First create another file called “filtering.py”

gedit filtering.py

Then copy and paste the following:

import numpy as np
import cv2

cap = cv2.VideoCapture(0)

def nothing(x):
    pass

cv2.namedWindow('image',cv2.WINDOW_NORMAL)
cv2.resizeWindow('image',(600,200))
cv2.createTrackbar('minH', 'image', 0, 255, nothing)
cv2.createTrackbar('minS', 'image', 0, 255, nothing)
cv2.createTrackbar('minV', 'image', 0, 255, nothing)
cv2.createTrackbar('maxH', 'image', 0, 255, nothing)
cv2.createTrackbar('maxS', 'image', 0, 255, nothing)
cv2.createTrackbar('maxV', 'image', 0, 255, nothing)

while True:
    _, frame = cap.read()
    hsv = cv2.cvtColor(frame, cv2.COLOR_BGR2HSV) # convert to hsv encoding for better processing

    minH = cv2.getTrackbarPos('minH', 'image')
    minS = cv2.getTrackbarPos('minS', 'image')
    minV = cv2.getTrackbarPos('minV', 'image')
    maxH = cv2.getTrackbarPos('maxH', 'image')
    maxS = cv2.getTrackbarPos('maxS', 'image')
    maxV = cv2.getTrackbarPos('maxV', 'image')

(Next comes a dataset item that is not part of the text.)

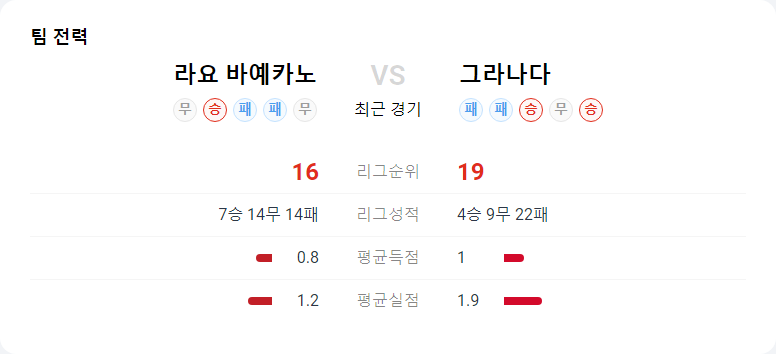 라요 바예카노는 리그 16위에 위치해 있으며, 강등권과의 격차가 좀처럼 벌어지지 않고 있다. 최근 발렌시아 원정에서 0-0 무승부를 기록하며 유의미한 결과를 얻었다. 하지만 남은 경기에서 바르셀로나 원정과 아틀레틱 클루브와의 홈 경기가 남아 있어, 이번 그라나다전을 반드시 잡아야 잔류를 확정 지을 수 있다.

    a = cv2.waitKey(5) & 0xFF
    if a == ord('p'):
        print('minH: ', minH, '\nmaxH: ', maxH,'\nminS : ', minS, '\nmaxS : ', maxS\
          ,'\nminV : ',minV,'\nmaxV : ',maxV)
    lowerpink = np.array([minH,minS,minV])
    upperpink = np.array([maxH,maxS,maxV])
    # print(lowerpink + '\n' + upperpink)

    mask = cv2.inRange(hsv,lowerpink, upperpink)
    res = cv2.bitwise_and(frame,frame, mask = mask)

    # median = cv2.bilateralFilter(res,15,75,75)

    # cv2.imshow('median',descale(median,3))
    cv2.imshow('frame',frame)
    cv2.imshow('mask',mask)
    cv2.imshow('res',res)

    k = cv2.waitKey(5) & 0xFF
    if k == 27:
        break

cv2.destroyAllWindows()
cap.release()

You shuold be able to use the slider and select the color you want.

Edge detection

Here we demonstrate how to do simple edge detection.

First create another file called “edge.py”

gedit edge.py

Then copy and paste the following:

import cv2
import numpy as np

cap = cv2.VideoCapture(0)

def nothing(x):
    pass

cv2.namedWindow('image',cv2.WINDOW_NORMAL)
cv2.resizeWindow('image',(600,200))
cv2.createTrackbar('th1', 'image', 0, 255, nothing)
cv2.createTrackbar('th2', 'image', 0, 255, nothing)
while True:
    _, frame = cap.read()

    th1 = cv2.getTrackbarPos('th1', 'image')
    th2 = cv2.getTrackbarPos('th2', 'image')

    laplacian = cv2.Laplacian(frame,cv2.CV_64F)
    sobelx = cv2.Sobel(frame,cv2.CV_64F, 1, 0, ksize = 5)
    sobely = cv2.Sobel(frame,cv2.CV_64F, 0, 1, ksize = 5)
    edges = cv2.Canny(frame, th1, th2)

    newedges = cv2.cvtColor(frame,cv2.COLOR_BGR2GRAY)
    ret,thresh = cv2.threshold(newedges,127,255,0)
    cv2.imshow('thresh', thresh)
    contours, hierarchy = cv2.findContours(edges,cv2.RETR_TREE,cv2.CHAIN_APPROX_SIMPLE)[-2:]
    cv2.drawContours(frame,contours,-1,(0,0,255),1)
    # print(len(contours))

    # cv2.imshow('original',frame)
    # cv2.imshow('laplacian',laplacian)
    # cv2.imshow('sobelx',sobelx)
    # cv2.imshow('sobely', sobely)
    cv2.imshow('edges', edges)
    cv2.imshow('frame', frame)

    k = cv2.waitKey(5) & 0xFF
    if k == 27:
        break

cv2.destroyAllWindows()
cap.release()

You should be able to run the file and do simple edge detection.